Biographical Database of NAWSA Suffragists, 1890-1920

Biography of Amalia Post, 1826-1897

By Robin Hill, independent historian, 27 July 2018

Amalia Barney Simons Nichols Post, an unlikely revolutionary, was born January 30, 1826, in Johnson, Vermont. She was raised in the mid-19th century ideal of separate spheres, the premise that men and women were different but complementary in their natures. Women were passive, nurturing and domestic. Men were aggressive, competitive and better suited to work outside the home. While it was the husband's job to support and protect, it was the wife's job to provide a refuge from worldly corruption. When Amalia Simons married Walker T. Nichols in Lexington, Michigan, in 1855, she expected her life to follow this pattern.

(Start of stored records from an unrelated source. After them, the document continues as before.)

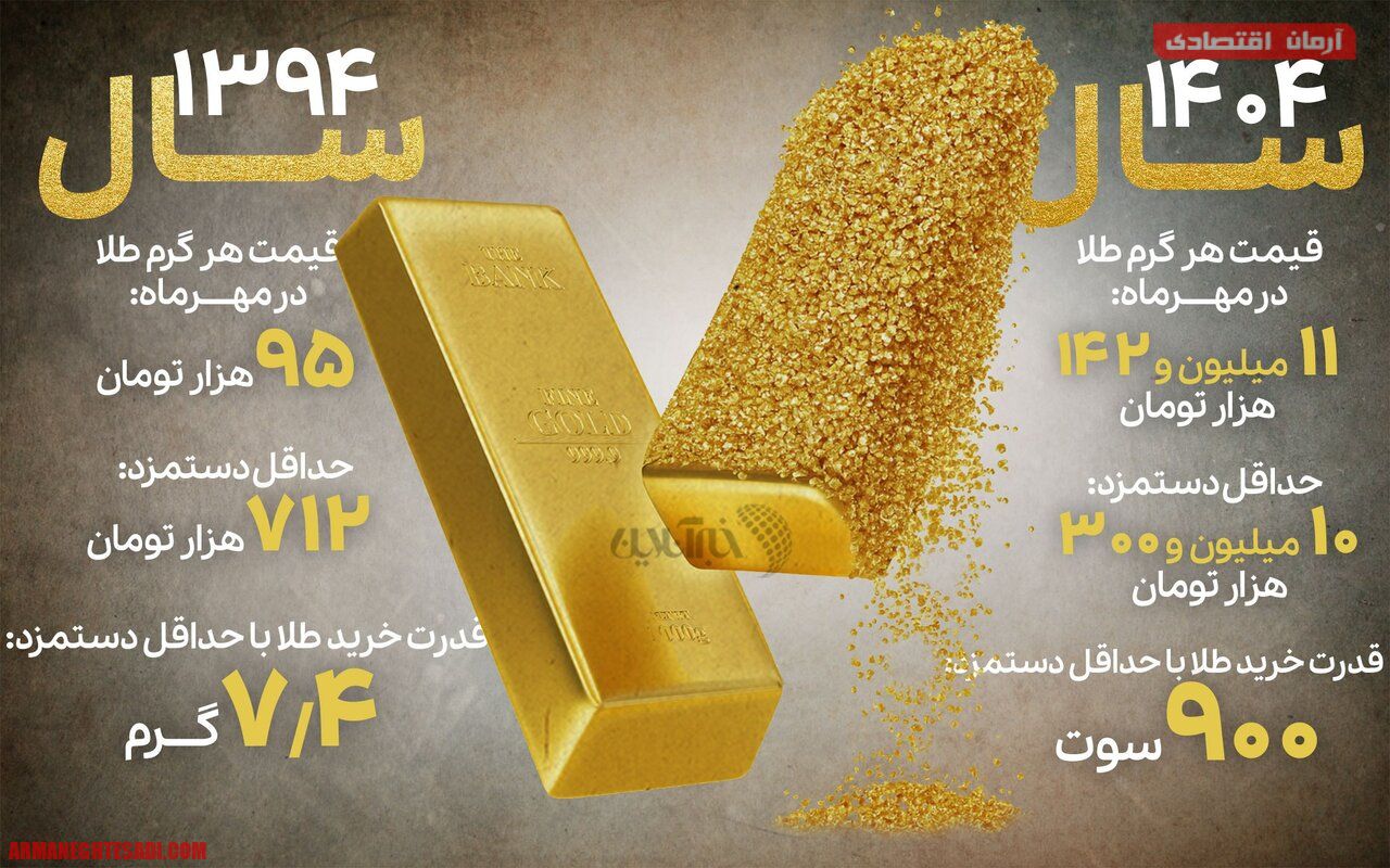 بررسیها نشان میدهد حداقل دستمزد کارگر ایرانی در سال ۱۳۹۴ برابر با ۷۱۲ هزار تومان بوده است. این دستمزد با نرخ ۷.۴گرم طلا در این سال برابری میکرد . حداقل دستمزد در سال جاری ۱۰ میلیون و سیصد هزار تومان است. این نرخ با اغماض کفاف خرید ۹۰۰ سوت طلا را میدهد. اینفوگرافی زیر نشان میدهد قدرت خرید دستمزد کارگرد ایرانی در قیاس با طلا چقدر است.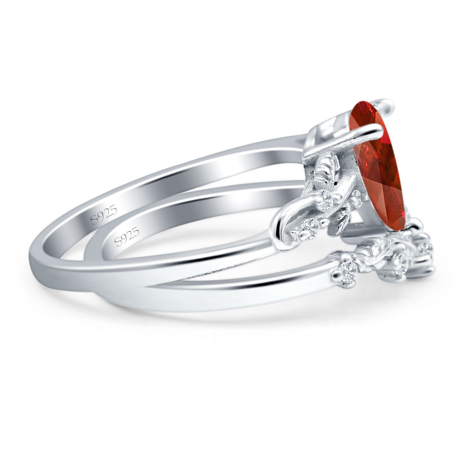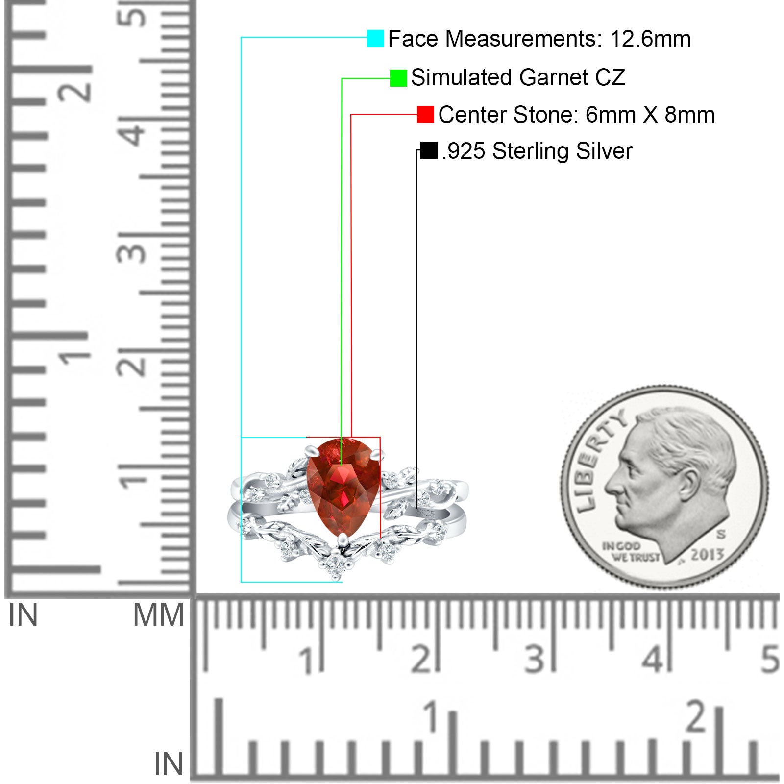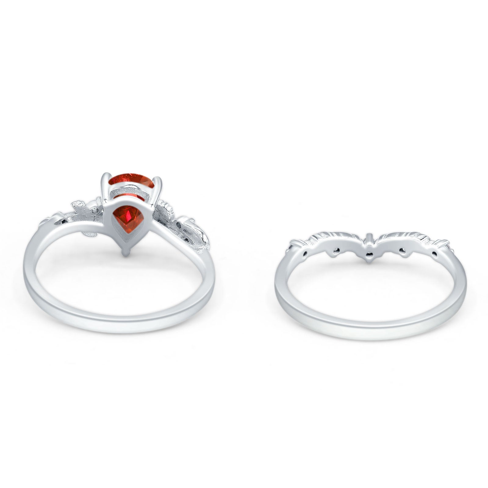 Two Piece Pear Garnet CZ Leaf Style Chevron Rings 925 Sterling Silver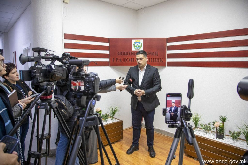 – Од денeска започнува мојот втор мандат, заедно со мојот тим и администрацијата и секако на сите јавни претпријатија, основни и средни училишта, кои се дел од локалната самоуправа. Реализиравме многу проекти кои што значат за Охрид и стратешки го менуваат, а така продолжуваме и во вториот мандат. Имаме 10 нови капитални проекти на кои ќе се надополни и финиширањето на четири проекти, кои беа ветени во претходниот мандат. Станува збор за сериозна промена на сето она што ние го перцепираме во Охрид, првично за охриѓани и за сите оние кои што доаѓаат и уживаат во неговите убавини. Пред нас следува инвестициски период кој верувам дека ќе заврши успешно, односно за многу работи за кои што охриѓани разговарале, побарувале и било како насушна потреба во изнинативе 30 години, ќе се остварат, ќе се завршат и сметам дека Охрид не само што ќе изгледа поинаку, ќе има и многу подобри услови за сите жители и сите туристи кои го посетуваат, истакна градоначалникот Пецаков во својата изјава за медиумите.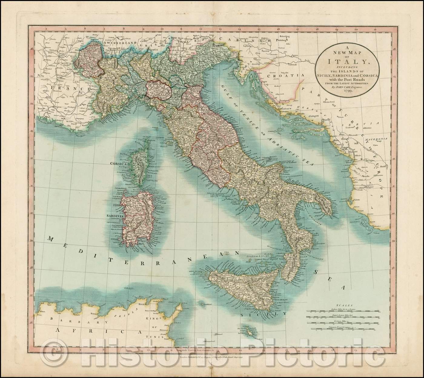 Historic Map - Italy, Including The Islands of Sicily, Sardinia and Corsica, with the Post Roads, 1799, John Cary - Vintage Wall Art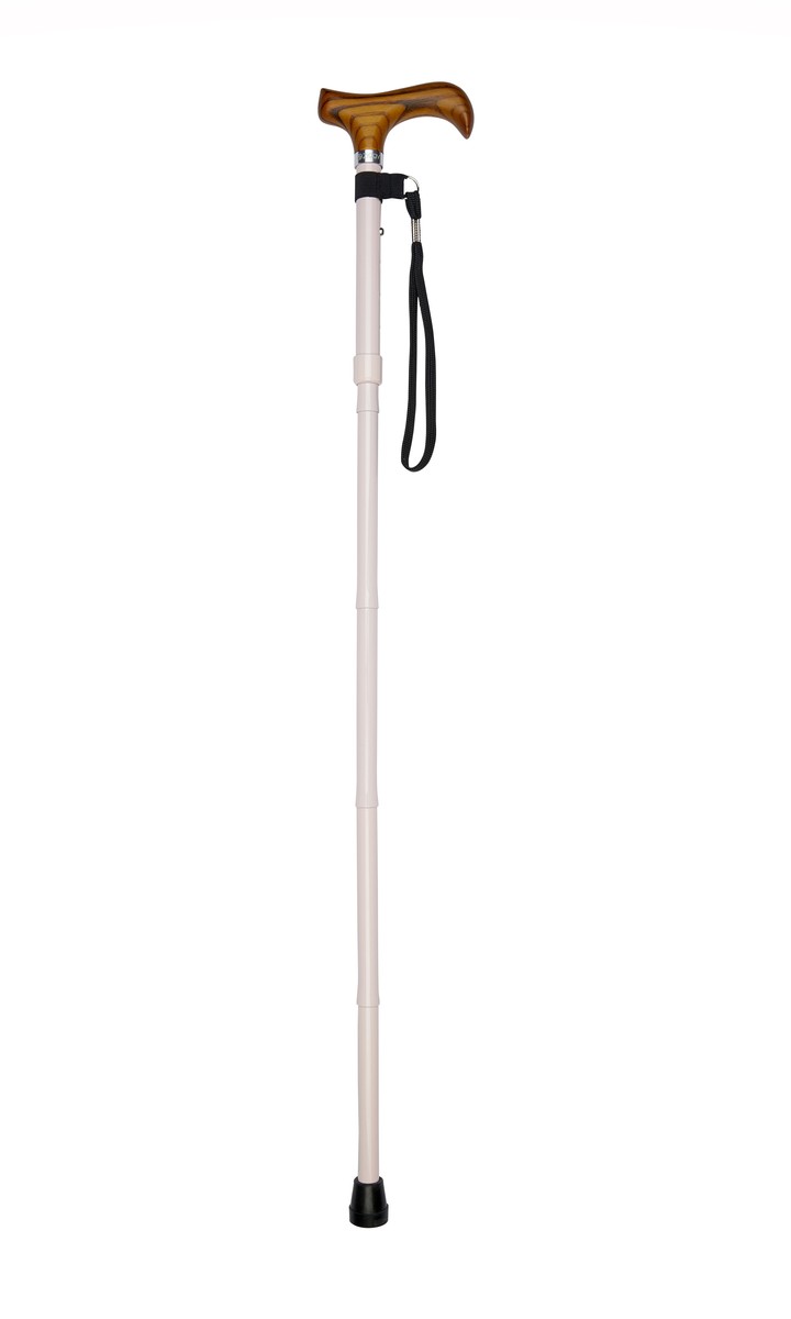 The aluminium walking stick is strong and lightweight and features a comfortable wooden derby-style handle.
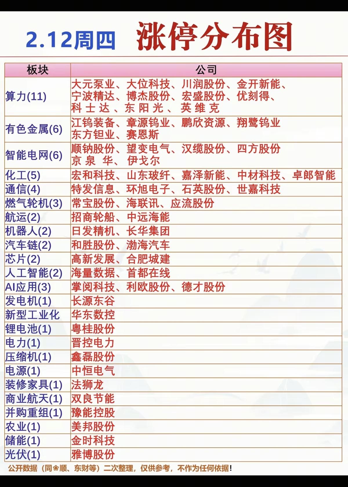 2.12周四 涨停板股票:题材+高度! 智能电网 4股涨停 液冷IDC 10股涨停 算力硬件 11股涨停 玻璃玻纤 5股涨停 光通信 4股涨停 有色金属 6股涨停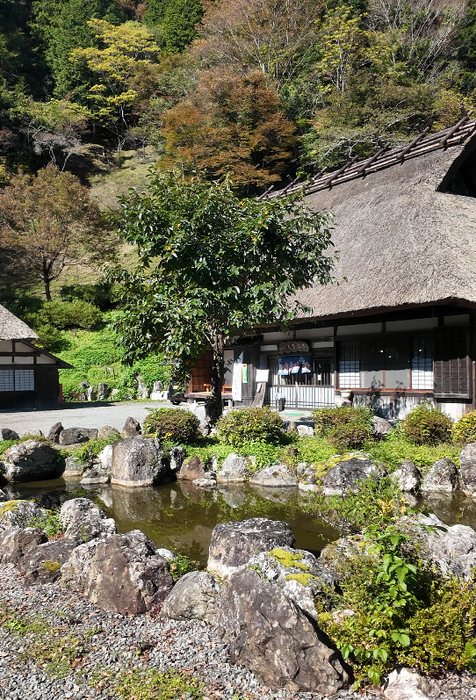 茅葺き屋根の古民家を移築した建物は、坂本龍馬が脱藩したと言われる道沿いにあります。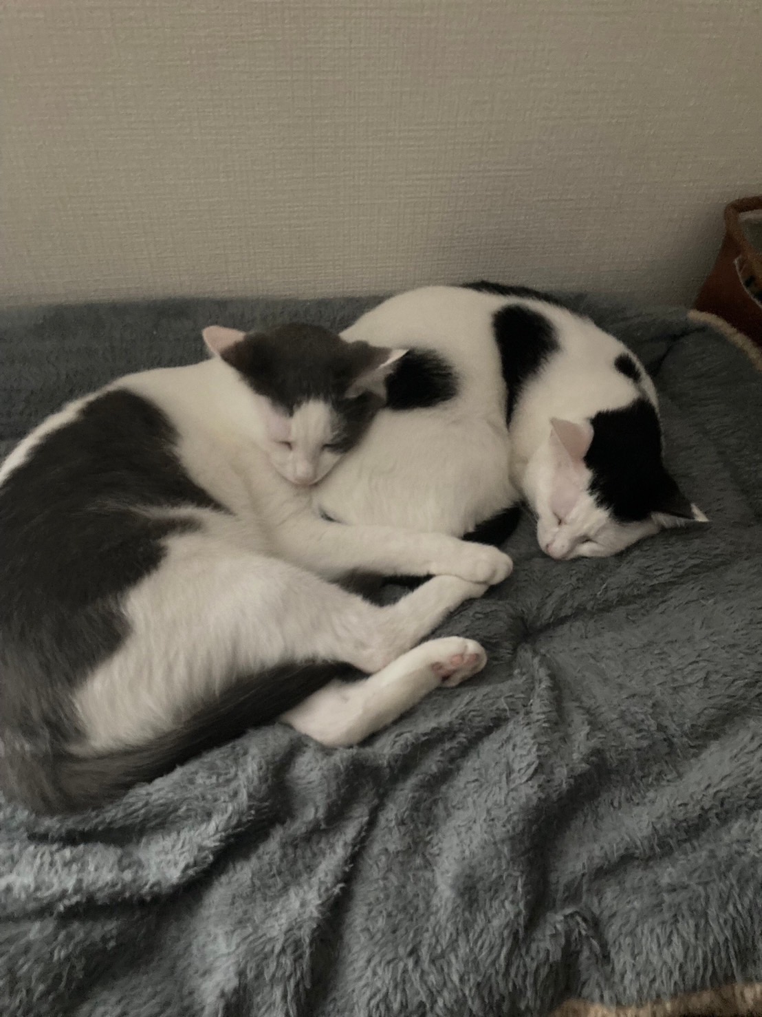 週末に正式譲渡手続きに伺うしょうへいろこ改めおかかくんにしらすちゃんです。

But after Nichols left her to fend for herself in Omaha and Denver, she divorced him and entered into business on her own, selling chickens and loaning money. In 1864, she married one of her business partners, merchant Morton Everel Post, and joined him in Cheyenne in 1868. She retained financial independence by keeping her property in her own name, as allowed by the laws of Colorado and Wyoming.

Until the passage of the suffrage act in Wyoming Territory in 1869, Amalia Post showed little interest in voting rights. The first tests of women's new civic responsibilities came before the September election of 1870. Some judges ruled that women were now eligible for jury service. Accordingly, women, including Amalia Post, were called up for service on grand and petit juries in 1870 and 1871.

"I was Foreman of the Jury," she wrote, "& the man was condemned & sentenced to be hung. [W]e found him guilty of murder in the first degree as found in indictment.... There is no fun in sitting on a jury where there is murder cases to be tried. [T]his one that is to be hung killed two."

The brief experiment with women jurors may have been intended to discredit female suffrage. But Post and others observed that female jurors tended to be stricter and less inclined to accept pleas of self-defense in murder cases, and to impose heavier fines. Overall, it seems the women jurors simply applied the moral values of their domestic sphere to society at large.

In January 1871, Post traveled to Washington, D.C., as a delegate from Wyoming to the annual lobbying conference of the National Woman Suffrage Association. There she addressed the audience of thousands and conferred with such leaders of the national movement as Susan B. Anthony, Victoria Woodhull and Isabella Beecher Hooker. "I was made more of than any other Lady in convention," she boasted when writing to her sister. But when Mrs. Hooker pressed her to stay on and "besiege congress," she refused. Whatever Amalia's reasons, they had nothing to do with deference to her husband's political opinions. She was an active Republican, while he was a staunch Democrat.

Post served for four years on the Territorial Central Committee of the Republican Party. In the fall of 1871, the second Wyoming Territorial Legislature sent a bill to the governor to repeal women's suffrage in the territory. Amalia Post is credited with making a personal appeal to Gov. John A. Campbell to veto the bill, and with helping to persuade legislators to vote against an override of that veto, an effort to sustain the veto that (barely) succeeded, thereby retaining the woman's vote.

Amalia Post remained in Cheyenne, managing her property and investments, as her husband pursued business ventures and political office. She died in Cheyenne on January 28, 1897.

Sources:

Beach, Cora. Women of Wyoming. Casper, Wyo.: S.E. Boyer & Co., 1927, pp. 170-72.